Jarrod: Yeah. And I think this is one of the biggest spaces that it sort of in my time working education policy that so often the temptation for government policymakers is to look at big data. And you know, we want to see and get measures of success in each school and understand, you know, using metrics around which schools are performing better than others, and which teachers are performing better than others. But you know, whilst there's a place for that. It shouldn't be the focus. And in education policy, I think sometimes policymakers, and you know, I've been through the learning process where the temptation is looking at big data. And then when you actually get out in schools and talk to educators and the biggest policy area that that we need to focus on is, how do we make assessment and data and evidence relevant to the classroom and actually support teachers better to make better evidence-based decisions. And this doesn't come from looking at the mean scale score of a school compared to all the other schools in in your system. What it comes down to is actually making the evidence related so much closer to what's actually happening in the classroom. and to making sure that we don't lose track of what reliability and validity actually means in the classroom. And you know we can, we know that through the educational measurement that there are ways that we can quantify and qualify what the assessments mean, and we can make them relatable back to what's happening in the classroom. And we're never going to do it better than what the teacher does. But we will give them a body of evidence that actually means something against a learning continuum that will either reinforce what they know, or it might show something a little bit different to what their understanding is that will assist them in making evidence-based decisions around students’ next steps in learning. And that that's what we really want.

Marc: You know, it's it. It really emphasises too that point about supporting teachers, professional learning, their development, their understanding in this space. Because that's continued as well, and I still believe there's a bit of learning, and even some unlearning to be done along the way.
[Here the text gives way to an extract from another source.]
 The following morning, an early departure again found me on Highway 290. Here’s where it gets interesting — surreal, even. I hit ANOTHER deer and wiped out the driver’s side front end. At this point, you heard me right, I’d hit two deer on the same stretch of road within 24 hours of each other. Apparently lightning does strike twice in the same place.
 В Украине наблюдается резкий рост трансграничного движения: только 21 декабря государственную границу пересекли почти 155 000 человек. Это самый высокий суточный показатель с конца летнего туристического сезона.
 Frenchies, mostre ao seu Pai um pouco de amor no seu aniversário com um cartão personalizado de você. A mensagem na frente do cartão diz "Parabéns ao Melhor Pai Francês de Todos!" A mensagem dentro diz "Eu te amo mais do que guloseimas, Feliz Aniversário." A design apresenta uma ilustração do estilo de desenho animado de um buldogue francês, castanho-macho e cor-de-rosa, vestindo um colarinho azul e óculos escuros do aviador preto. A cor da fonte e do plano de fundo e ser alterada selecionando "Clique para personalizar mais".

So, 9 to 12 months of teaching and learning has occurred. We've collected evidence. We've collected data. And one of the things that I'd like to put forward to you, Jarrod, is this term of growth. It’s used quite a bit in education, and in your experience, we know that there's research being done in this space about what student learning growth is, but also what are some of the myths that may be out there as well, that teachers and schools and all educational groups might be experiencing.
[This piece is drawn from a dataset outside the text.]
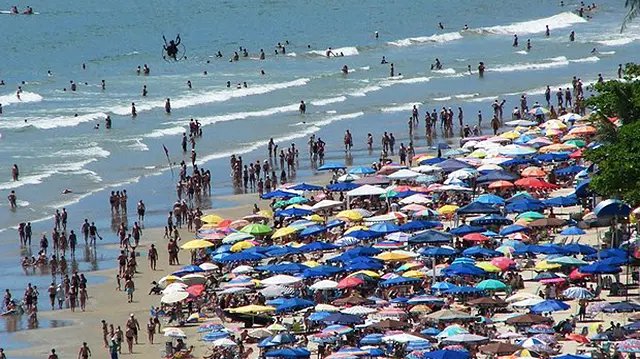 Na região do litoral as temperaturas oscilaram entre 32°C e 36ºC. Depois do último fim de semana com chuva as praias do Estado ficaram lotadas durante o dia inteiro. Quase não havia espaço na areia.

Jarrod: Yeah, I mean, growth is such an important – I don't want to call it a buzz word – but it is a really important word that is understood differently. So yeah, we do all want to see students progress. And so if we want to be able to understand how they're they've been progressing and how we can support them to progress more quickly.So, there's plenty of misconceptions out there about what growth is and how we should be treating it. I think the biggest myth, and we see it so often around the world, is where growth is being understood as a change in almost the ranking or performance of a student against the performances of other students. Now, this is actually not learning growth. This is, you could call it a growth in a ranking, or it's a change in ranking., it's an improvement in cohort performance. But does it actually mean anything back towards what we're actually teaching kids and how we want them to learn it? It doesn't.

What it essentially does is set up a system of winners and losers in a rankings state. Now, the problem, the biggest problem, with that is you could have all students progressing. And then you've got this ‘winners and losers’ system that we're talking about growth with. You could have but hypothetically – I'd hate to see this ever happen – but you could have a situation where no students are progressing and we're getting this idea of some students are actually doing better because they're performing better than other students.
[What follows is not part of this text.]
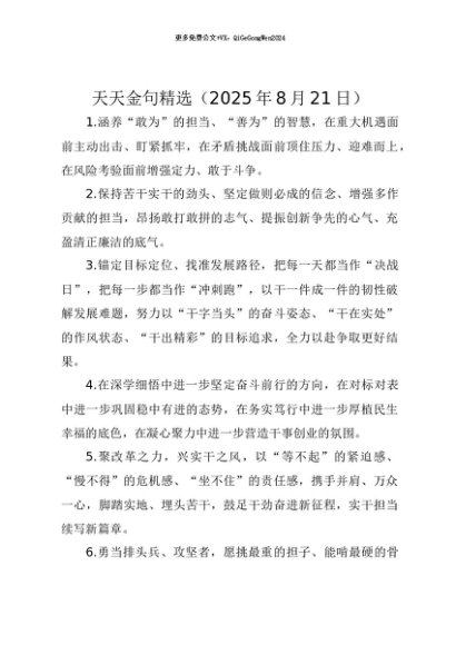 【七哥公文】2025年:【七哥公文】天天金句精选(2025年8月21日)+更多免费公文+VX:QiGeGongWen2024+更多免费公文+VX:QiGeGongWen2024

None of this is really helping the question of ‘how do we improve learning.’ So learning growth – you know, I'm very passionate about this – because I think that there are so many, there are different ways we can actually evaluate learning and progress. But for me, you need tools that are entrenched in learning measurement to properly be able to measure learning growth. If we're looking at from, you know I'm not talking about you know the baseline assessment. And then the end of chapter test, where we're actually understanding how students have may have learned a particular set of concepts. What we're actually looking at is how are students traveling against that continuum of mathematics, or in that area of reading comprehension, or in science, or in that that bigger learning area. How are they actually travelling and progressing over time? So this is where we really do need learning measurement. That is sort of entrenched in a proper psychometric model, not just how they're performing against other students.

We shouldn't also be focused just on the numbers. We need to be able to relate that back to what learning actually looks like in the classroom. So what we do – and what one of the things I absolutely love about what ACER’s capability – is that we build these tools that that are entrenched in in learning measurement, that are supported by the psychometric methods that will actually enable us to calibrate different levels of assessment back to that latent variable, back to that construct of mathematics, or that construct of reading, or that construct of science, and other constructs where we can actually then say, we can use tools, assessment tools at different stages of learning, but then be able to get measures that relate back to a common scale and a scale that is described. So, we can actually understand that at this particular level these are the types of skills, concepts, and understandings that students are demonstrating. And then, 9 to 12 months later, have a subsequent measure against that scale where we can actually get a quantifiable measure, so we can see a learning gain against that scale, but also understand by looking at how that described progression against that scale…We can see what the actual skills and concepts are that students have been improving in and what are the next targets that we're setting for them? And this is actually the real way of being able to quantify and qualify learning growth against a measure. It is a complex area. It's not an area that is easy for teachers, that teachers can easily tackle without the support of really good tools, really good assessments. But it's important to understand that there's that that what some people call growth, and what some assessments will say that they measure growth in is not really learning growth.

Marc: Interesting when we talk about obviously the tools which are really critical. And I think sometimes when we, as we've gone through this discussion today, Jarrod, is that we almost need to be selective of the tools we pick as well. We need to think carefully about the kinds of things that we're putting in front of our teachers, how we're using them to make these informed decisions when we talk about that measurement between one point to the other after that, 9 to 12 months of teaching and learning, I often think about what's happening in between those 9 to 12 months, as well, you know, along with the tools and the assessments we collect and the evidence we collect, you know what teaching is actually happening. So earlier on in our conversation, we talked about looking at what evidence we can infer. And therefore, what are the things that we putting in place to impact those changes will impact improvement or impact, looking for strengths, weaknesses, and gaps.

Jarrod: That's right, absolutely. And I think this is the biggest thing, too, where it concerns me when we're certain when this idea around certain assessments providing growth measures when they when they aren't. Because it's also for the teacher – all the work that they've done throughout the year and all of the support for the student – it can so often be lost when the actual tool being used is not actually doing what it professes to do. And from the student's perspective as well when they're not getting a true measure of learning when they're not being able – to when a teacher isn’t able to sit down with them to show them. ‘Okay, this is where you were at 12 months ago. And this is where you're at now, and all of the work that you've been doing has led to this.’ And actually celebrate success when that can't be related back to the learning, when it's just a statistical measure we lose so much. And for the students as well, it's that sense of achievement, and that motivation to continue being ambitious and wanting to be challenged can so often be lost. And it's such an important area that I think so often gets missed.

Marc: Just to finish off today just a couple of things. And that is, I know that ACER produces many tools, many supporting materials, many supporting resources. But there is one thing that I do want you to touch on, and that is not the concept, but the construct of predicted growth. And I know it's something that's been exciting in schools who have seen it. But I'd like you just quickly finish off with giving us an outline of maybe where it came from, why, it's there, and how it can be possibly used.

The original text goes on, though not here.